# Where can I find media jobs in Spain?



## lemmy5 (Sep 14, 2008)

Hello there,

I am writing in the hope that you can help. I am on the verge of moving to Spain but would like to start applying for jobs before I move permanently. Could anyone direct me to websites which have good vacancies for work in broadcast journalism for English/intermediate Spanish speakers? I would be ever so grateful for your help. Also, does anyone know of any television/radio stations who may be looking for broadcast journalists who are not native Spanish?


----------



## Pasanada (Feb 5, 2008)

Hi and welcome to the Forum ,

Whereabouts in Spain are you moving to? I have a contact in radio broadcasting on the Costa Blanca.


----------



## jojo (Sep 20, 2007)

As an alternative to Pasanada area, the radio station I listen to is "Spectrum FM" Spain which covers from Marbella to Almeria -ish - maybe worth looking at their website. There are several english speaking radio stations across the costas and newspapers too. "The sur in English" springs to mind although I think thats just a direct translation of the Spanish paper "The sur". worth a look though, if only to look at their "situations vacant" page

Jo


----------



## Pasanada (Feb 5, 2008)

jojo said:


> As an alternative to Pasanada area,
> Jo


I never knew Spain had honoured me!  LOL


----------



## lemmy5 (Sep 14, 2008)

Pasanada said:


> Hi and welcome to the Forum ,
> 
> Whereabouts in Spain are you moving to? I have a contact in radio broadcasting on the Costa Blanca.


Funnily enough I am moving to the Costa Blanca. I would really, really appreciate any help . I can even locate to a different region of Spain if the work is there.


----------



## Pasanada (Feb 5, 2008)

Lemmy, give me a day or so and I'll get back to you.


----------



## lemmy5 (Sep 14, 2008)

Pasanada said:


> Lemmy, give me a day or so and I'll get back to you.


Thank you sooo much, you are very kind Pasanada.


----------



## Pasanada (Feb 5, 2008)

lemmy5 said:


> Thank you sooo much, you are very kind Pasanada.


BTW, what experience/quals do you have?


----------



## lemmy5 (Sep 14, 2008)

Pasanada said:


> BTW, what experience/quals do you have?

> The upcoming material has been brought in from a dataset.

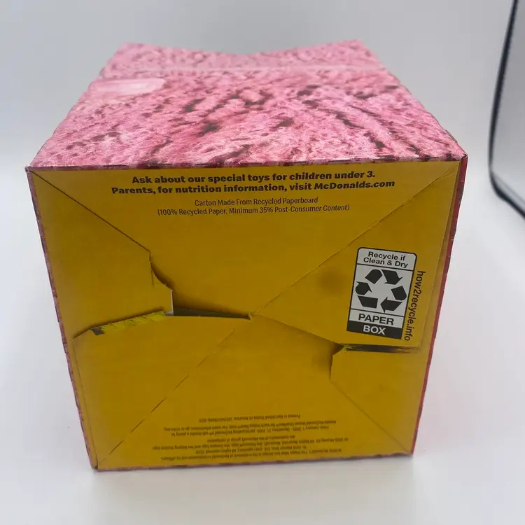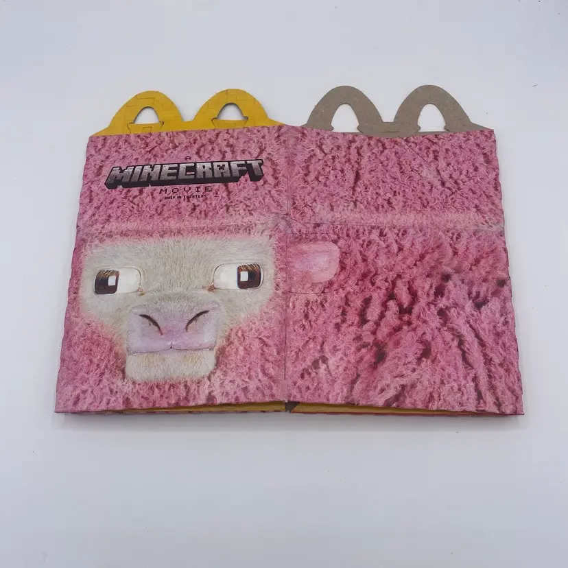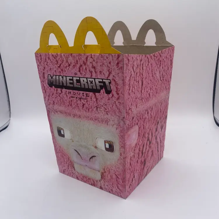 This is an empty box from McDonald's Happy Meals 2025, featuring the popular Minecraft game. The box showcases the Bee & Sheep characters from the game and bears the McDonald's brand name. It was manufactured in China and is part of the Fast Food & Cereal Premiums category under Toys & Hobbies.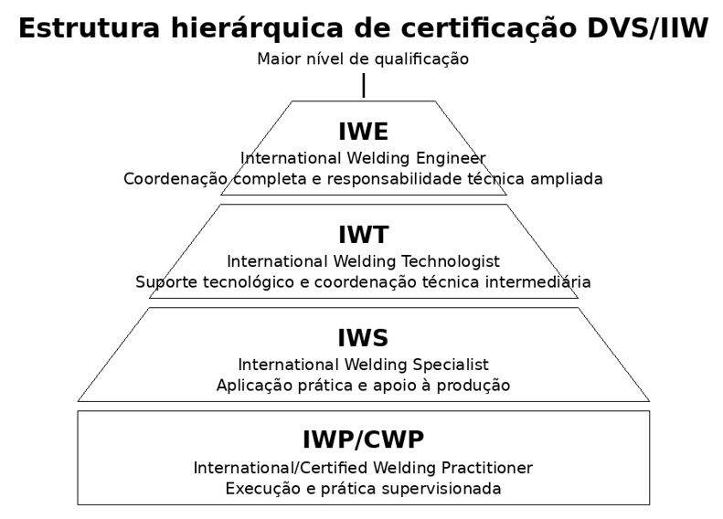 O sistema de qualificação profissional em soldagem estabelecido pelo IIW, em conjunto com a DVS – Deutscher Verband fur Schweissen, organiza a certificação do pessoal de coordenação de soldagem em níveis hierárquicos. Essa estrutura permite o enquadramento das competências técnicas conforme a complexidade das atividades a serem desempenhadas e evidencia o posicionamento do IWE como nível mais elevado de qualificação.

At present I am a writer. In the past I have researched and written six half-hour documentaries for ITV. I have also had several freelance journalism jobs (long list of assignments) and am educated to degree level with intermediate Spanish. My CV and work samples show the extensity of my experience.


----------



## Pasanada (Feb 5, 2008)

Thanks, Lemmy.

Not making any promises of employment but will let my contact know you're seeking work.

Will be in touch.


----------



## lemmy5 (Sep 14, 2008)

Pasanada said:


> Thanks, Lemmy.
> 
> Not making any promises of employment but will let my contact know you're seeking work.
> 
> Will be in touch.


Hi Pasanada

Any news regarding your contact?

Thank you so much for your time.

I look forward to hearing from you.

Donna


----------



## Pasanada (Feb 5, 2008)

Hi Lemmy,

Not heard anything back, will send another email. I'm in Spain next week too so will continue chasing this up for you!


----------



## lemmy5 (Sep 14, 2008)

Pasanada said:


> Hi Lemmy,
> 
> Not heard anything back, will send another email. I'm in Spain next week too so will continue chasing this up for you!


Very much appreciated


----------



## Pasanada (Feb 5, 2008)

De nada.

I'm going to be away for a couple of days so don't worry if you don't get an immediate response.

Speak soon.


----------



## Pasanada (Feb 5, 2008)

Lemmy,

Can you email me on my hotmail (MSN) account, you can click on the link to the right of my name.

Thanks.


----------